The men and women we sent to our two longest wars spent months or years in that alternate moral universe, where many of rules and values they grew up with are revoked. Do unto others, suspended. An alien world in which complex moral puzzles, like confronting a child killer, demand instant decisions by those who are least fit, for reasons of incomplete neurological development and life experience, to make. An environment for which the United States has trained its warriors exhaustively in physical fitness and military tactics, but left them psychologically and spiritually unprepared. An environment from which they return to find their new understanding of the world, and who they have become, fits awkwardly or not at all back into their old lives in peacetime America. They return to an American public whose sporadic attention to veterans largely fails to comprehend or acknowledge the experiences they have absorbed on our behalf.

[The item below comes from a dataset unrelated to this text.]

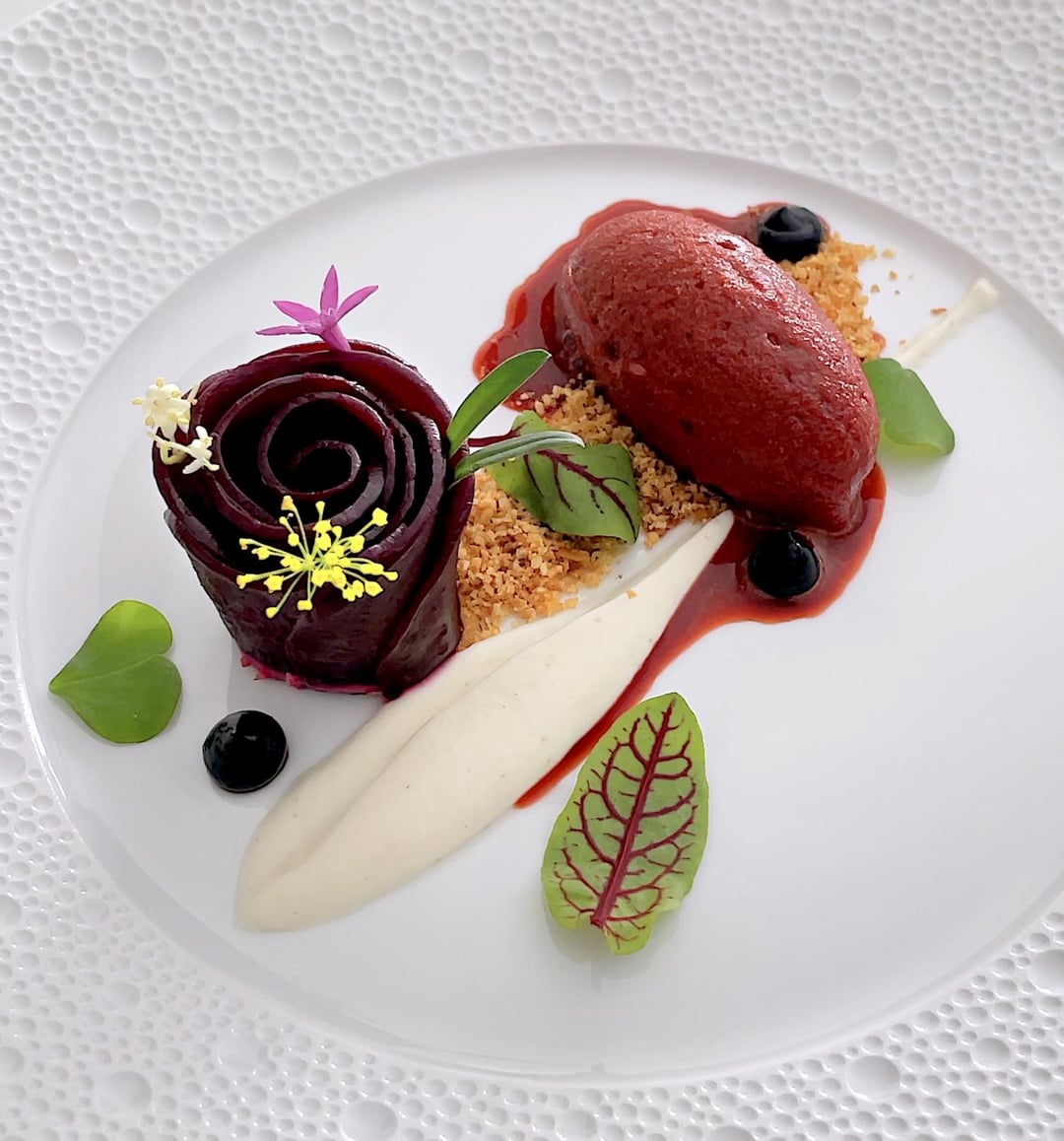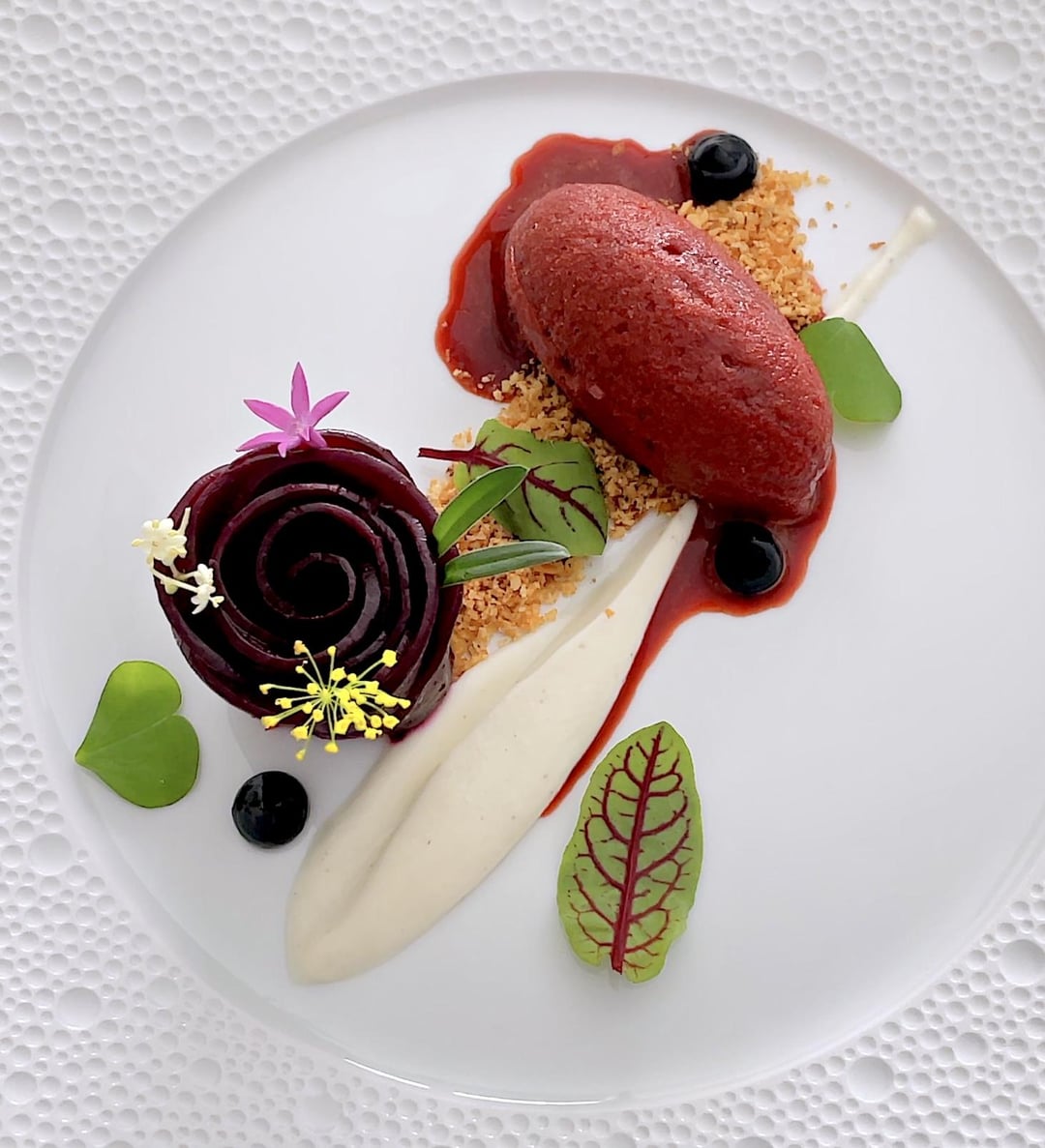 Beet Salad with Beetroot Rose, Beetroot Sorbet, Goat Cheese Mousse, Walnut Crumble & Balsamic Gel by Hai_Cooking Culinary Culinary Plating
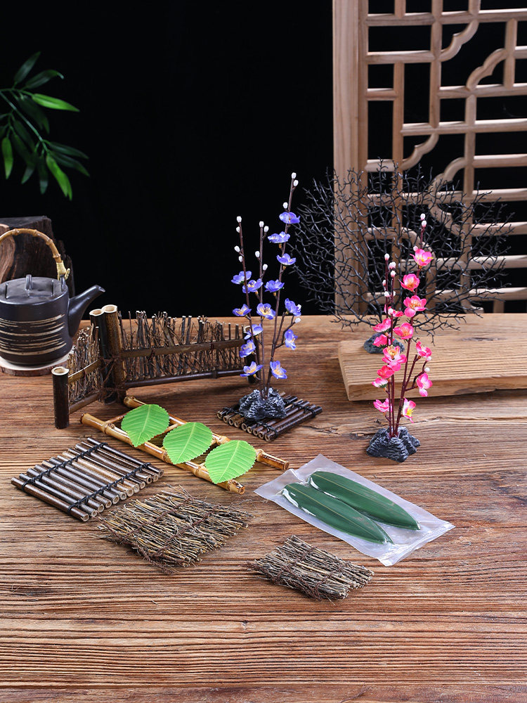 Barbecue hot pot plate decoration flowers and plants bamboo fence Japanese sashimi platter bamboo silk woven bamboo retro fence ornaments

This is the dark truth of war, a secret we are all complicit in keeping. We know, though we rarely acknowledge it, that war imposes terrible costs on human beings, and that while some are strengthened by the experience, others buckle. We understand at some level why combat veterans shrink from sharing their stories: we don’t want to know them. In our sometimes frenzied veneration of war heroes, we are too eager to rush past the shadowed doorway where lurks what the poet Peter Marin calls “the terrible and demanding wisdom” of war. In the lofty discussions about putting “boots on the ground” among Washington’s strategists and national security experts, those in government service or awaiting their turn in the city’s comfortable think tanks, there is little room for considering the inevitable cost of the well-being of those we will send.
But out there, it will get worse. The brutal new conflicts that tempt American intervention as we move deeper into the 21st century pose intense new moral challenges. The old signposts that pointed to “what is right,” the Laws of Land Warfare, the Geneva Conventions, the Just War tradition, seem increasingly irrelevant in a world of drone killings, the beheading of hostages and the deliberate massacre of schoolchildren by Islamist extremists. Traditional ideas about “victory” against these groups are obsolete, battered relics of a bygone age, given that the wildfire spread of weapons technology has enabled them to armor their utter ruthlessness with the killing power once reserved for nations. Moral challenges face us back home as well as we continue, as we always have, to recruit, train and dispatch our youth for military action of which we are deeply skeptical.
What we know of the veterans who have returned from Iraq and Afghanistan, and what we fear of the future, demand that we finally pay urgent attention to the moral dimension of war. As we consider committing a new generation to 21st century warfare, we must do so with full knowledge and acceptance of the price they will pay on our behalf.